__Task statement__
Reproduce the records below exactly, but only between the lines holding "- Conocimientos necesarios: Noción" and "SZARO DREWNIANE MEBLE", inclusive.

__Material shown__
-----

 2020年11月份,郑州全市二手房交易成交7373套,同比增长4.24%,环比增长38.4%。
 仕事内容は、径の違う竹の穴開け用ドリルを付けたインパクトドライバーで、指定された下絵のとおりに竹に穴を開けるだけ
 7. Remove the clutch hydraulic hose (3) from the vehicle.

-----

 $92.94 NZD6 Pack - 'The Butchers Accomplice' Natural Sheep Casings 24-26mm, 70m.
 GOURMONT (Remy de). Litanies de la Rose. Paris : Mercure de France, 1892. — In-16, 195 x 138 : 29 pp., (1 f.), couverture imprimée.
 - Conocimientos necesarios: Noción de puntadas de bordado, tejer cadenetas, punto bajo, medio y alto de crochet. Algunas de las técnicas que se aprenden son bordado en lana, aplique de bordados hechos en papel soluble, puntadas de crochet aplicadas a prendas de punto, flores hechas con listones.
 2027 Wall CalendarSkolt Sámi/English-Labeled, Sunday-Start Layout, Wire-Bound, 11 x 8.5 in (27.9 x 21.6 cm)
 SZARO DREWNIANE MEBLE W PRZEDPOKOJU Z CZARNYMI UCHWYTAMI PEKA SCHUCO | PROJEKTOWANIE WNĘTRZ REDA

-----

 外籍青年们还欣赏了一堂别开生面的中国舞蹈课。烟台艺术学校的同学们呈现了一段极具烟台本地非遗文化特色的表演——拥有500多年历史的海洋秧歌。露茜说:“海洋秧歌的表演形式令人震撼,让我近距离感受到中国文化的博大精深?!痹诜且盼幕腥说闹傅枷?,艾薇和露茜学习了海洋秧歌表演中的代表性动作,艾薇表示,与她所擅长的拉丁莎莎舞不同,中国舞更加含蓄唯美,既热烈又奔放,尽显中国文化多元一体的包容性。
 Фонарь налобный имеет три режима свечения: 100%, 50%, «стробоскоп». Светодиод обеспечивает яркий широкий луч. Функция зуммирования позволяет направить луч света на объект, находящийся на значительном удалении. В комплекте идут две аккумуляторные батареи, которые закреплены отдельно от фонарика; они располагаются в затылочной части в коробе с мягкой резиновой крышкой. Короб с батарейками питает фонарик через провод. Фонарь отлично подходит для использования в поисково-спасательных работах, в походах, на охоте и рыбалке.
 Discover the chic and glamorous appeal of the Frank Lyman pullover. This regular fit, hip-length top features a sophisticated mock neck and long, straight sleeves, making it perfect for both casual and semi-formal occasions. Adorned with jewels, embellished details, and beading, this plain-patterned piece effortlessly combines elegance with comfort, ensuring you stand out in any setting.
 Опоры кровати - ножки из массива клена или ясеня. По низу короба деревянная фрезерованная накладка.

-----

__Solution to the exercise__
 - Conocimientos necesarios: Noción de puntadas de bordado, tejer cadenetas, punto bajo, medio y alto de crochet. Algunas de las técnicas que se aprenden son bordado en lana, aplique de bordados hechos en papel soluble, puntadas de crochet aplicadas a prendas de punto, flores hechas con listones.
 2027 Wall CalendarSkolt Sámi/English-Labeled, Sunday-Start Layout, Wire-Bound, 11 x 8.5 in (27.9 x 21.6 cm)
 SZARO DREWNIANE MEBLE W PRZEDPOKOJU Z CZARNYMI UCHWYTAMI PEKA SCHUCO | PROJEKTOWANIE WNĘTRZ REDA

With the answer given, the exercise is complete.